**WHAT YOU WILL DO**.
Word for word, write out all the entries below, omitting every picture.

**RECORDS FOR THE EXERCISE**.
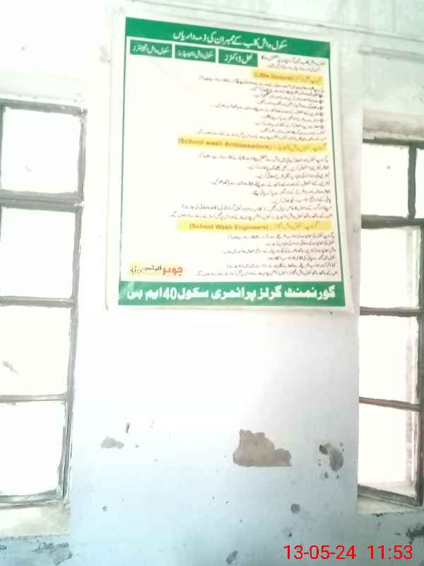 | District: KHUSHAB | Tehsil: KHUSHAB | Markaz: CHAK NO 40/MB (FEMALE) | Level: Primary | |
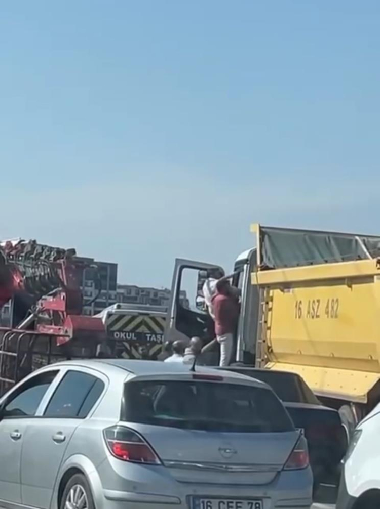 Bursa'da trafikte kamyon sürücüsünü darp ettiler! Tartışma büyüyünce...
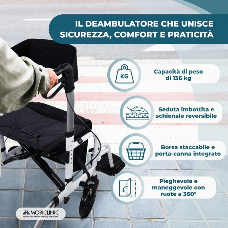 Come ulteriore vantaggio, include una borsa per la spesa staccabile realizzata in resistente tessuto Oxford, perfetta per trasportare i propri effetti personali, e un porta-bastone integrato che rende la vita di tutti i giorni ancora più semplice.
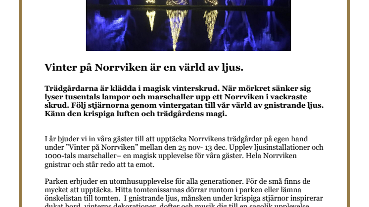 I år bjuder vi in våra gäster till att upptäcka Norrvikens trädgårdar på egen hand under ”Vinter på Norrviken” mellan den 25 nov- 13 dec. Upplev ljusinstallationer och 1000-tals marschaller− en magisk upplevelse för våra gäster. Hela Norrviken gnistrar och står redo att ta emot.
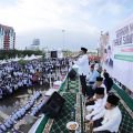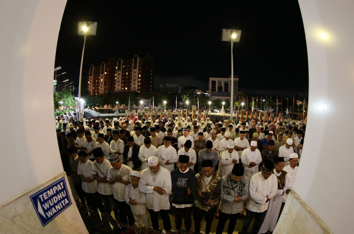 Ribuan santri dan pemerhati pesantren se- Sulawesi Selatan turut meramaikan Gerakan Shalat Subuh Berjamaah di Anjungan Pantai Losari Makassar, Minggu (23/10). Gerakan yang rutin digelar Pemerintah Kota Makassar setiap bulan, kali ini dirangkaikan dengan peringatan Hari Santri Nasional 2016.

**ANSWER FOR THIS EXERCISE**.
 | District: KHUSHAB | Tehsil: KHUSHAB | Markaz: CHAK NO 40/MB (FEMALE) | Level: Primary | |
 Bursa'da trafikte kamyon sürücüsünü darp ettiler! Tartışma büyüyünce...
 Come ulteriore vantaggio, include una borsa per la spesa staccabile realizzata in resistente tessuto Oxford, perfetta per trasportare i propri effetti personali, e un porta-bastone integrato che rende la vita di tutti i giorni ancora più semplice.
 I år bjuder vi in våra gäster till att upptäcka Norrvikens trädgårdar på egen hand under ”Vinter på Norrviken” mellan den 25 nov- 13 dec. Upplev ljusinstallationer och 1000-tals marschaller− en magisk upplevelse för våra gäster. Hela Norrviken gnistrar och står redo att ta emot.
 Ribuan santri dan pemerhati pesantren se- Sulawesi Selatan turut meramaikan Gerakan Shalat Subuh Berjamaah di Anjungan Pantai Losari Makassar, Minggu (23/10). Gerakan yang rutin digelar Pemerintah Kota Makassar setiap bulan, kali ini dirangkaikan dengan peringatan Hari Santri Nasional 2016.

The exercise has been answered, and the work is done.